The KB is correct, not the event log message. If you enable the registry setting you can get caught in a journal wrap recovery “loop” where the root cause keeps happening and getting fixed, but then happens again immediately and gets fixed, and so on: replication may sort of work – inconsistently – and you are just masking the greater problem. You should be fixing the real cause of the journal wraps.
As to why this message is still there after 10 years and four operating systems? Inertia and our unwillingness to incur the test/localization cost of changing the event. When you have to rewrite something in all these regions and languages, the price really adds up. I am way more likely to get a bug fix from the product group that changes complex code than one that changes some text.
I was wondering if it is intentional that the "attribute editor" tab is not visible when you use "Find" on an object in AD Users and Computers?
Ughh.
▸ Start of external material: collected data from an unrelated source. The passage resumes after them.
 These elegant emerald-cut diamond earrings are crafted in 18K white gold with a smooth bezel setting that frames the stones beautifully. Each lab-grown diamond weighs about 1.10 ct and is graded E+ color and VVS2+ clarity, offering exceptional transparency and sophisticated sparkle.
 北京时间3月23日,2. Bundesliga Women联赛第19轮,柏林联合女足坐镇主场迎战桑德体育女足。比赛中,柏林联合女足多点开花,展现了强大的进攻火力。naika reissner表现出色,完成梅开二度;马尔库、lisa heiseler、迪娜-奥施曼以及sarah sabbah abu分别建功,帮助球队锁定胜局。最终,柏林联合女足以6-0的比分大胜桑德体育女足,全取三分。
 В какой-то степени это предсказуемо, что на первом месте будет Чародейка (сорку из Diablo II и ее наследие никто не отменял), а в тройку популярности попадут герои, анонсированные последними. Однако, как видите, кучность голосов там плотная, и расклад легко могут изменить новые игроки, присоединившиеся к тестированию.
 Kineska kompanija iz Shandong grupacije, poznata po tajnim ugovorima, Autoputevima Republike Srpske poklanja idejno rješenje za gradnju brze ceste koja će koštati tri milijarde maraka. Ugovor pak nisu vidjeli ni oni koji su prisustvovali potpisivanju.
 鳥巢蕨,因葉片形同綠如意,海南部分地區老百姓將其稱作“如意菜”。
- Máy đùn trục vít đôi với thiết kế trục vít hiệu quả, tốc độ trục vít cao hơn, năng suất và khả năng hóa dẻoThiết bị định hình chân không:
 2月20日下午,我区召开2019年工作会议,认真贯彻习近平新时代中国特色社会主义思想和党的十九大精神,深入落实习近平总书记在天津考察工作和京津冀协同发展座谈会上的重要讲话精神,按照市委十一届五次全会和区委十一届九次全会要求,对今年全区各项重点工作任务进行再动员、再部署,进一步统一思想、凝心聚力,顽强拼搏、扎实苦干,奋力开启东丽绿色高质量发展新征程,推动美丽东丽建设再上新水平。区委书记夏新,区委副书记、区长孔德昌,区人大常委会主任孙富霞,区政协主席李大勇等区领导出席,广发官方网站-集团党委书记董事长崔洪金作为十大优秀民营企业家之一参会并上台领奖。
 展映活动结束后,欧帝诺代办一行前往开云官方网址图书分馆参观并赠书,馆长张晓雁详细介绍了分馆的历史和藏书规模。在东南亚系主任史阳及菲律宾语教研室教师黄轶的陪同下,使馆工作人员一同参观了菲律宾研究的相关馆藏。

Nope, that’s a known issue. Unfortunately for you, the business justification to fix it was not convincing. This happens in Win2008/Vista also and no Premier customer has ever put up a real struggle.
However, you have another option: Use the “Find” in ADAC (aka AD Admin Center, aka DSAC.EXE). This lets you find and when you open those users, you will see the attribute editor property sheet. If everyone here hasn’t already figured it out, ADAC is the future due to its PowerShell integration and ADUC doesn’t appear to be getting any further love.
Are there any issues with putting DC’s behind load-balancers?
If you put a domain controller behind a load balancer you will often find that LDAP/S or Kerberos authentication fail. Keep in mind that SPN’s can only be associated to one computer account, so Kerberos is going to go kaput. You will have to issue certificates manually to the domain controllers if you are trying to do LDAP/S connectivity because the subject and subject alternative name needs to match the DNS name of the load-balanced address.
Domain controllers are load balanced already in that there are multiples of them. If you need to find a domain controller correctly your application should do a DCLocator or LDAP SRV record lookup like a proper citizen.
Answer courtesy of Rob “Sasquatch” Greene, our tame authentication yeti.
The documentation on DFSR's cross-file RDC is pretty unclear – do I need two Enterprise Edition servers or just one? Also, can you provide a bit more detail on what cross-file RDC does?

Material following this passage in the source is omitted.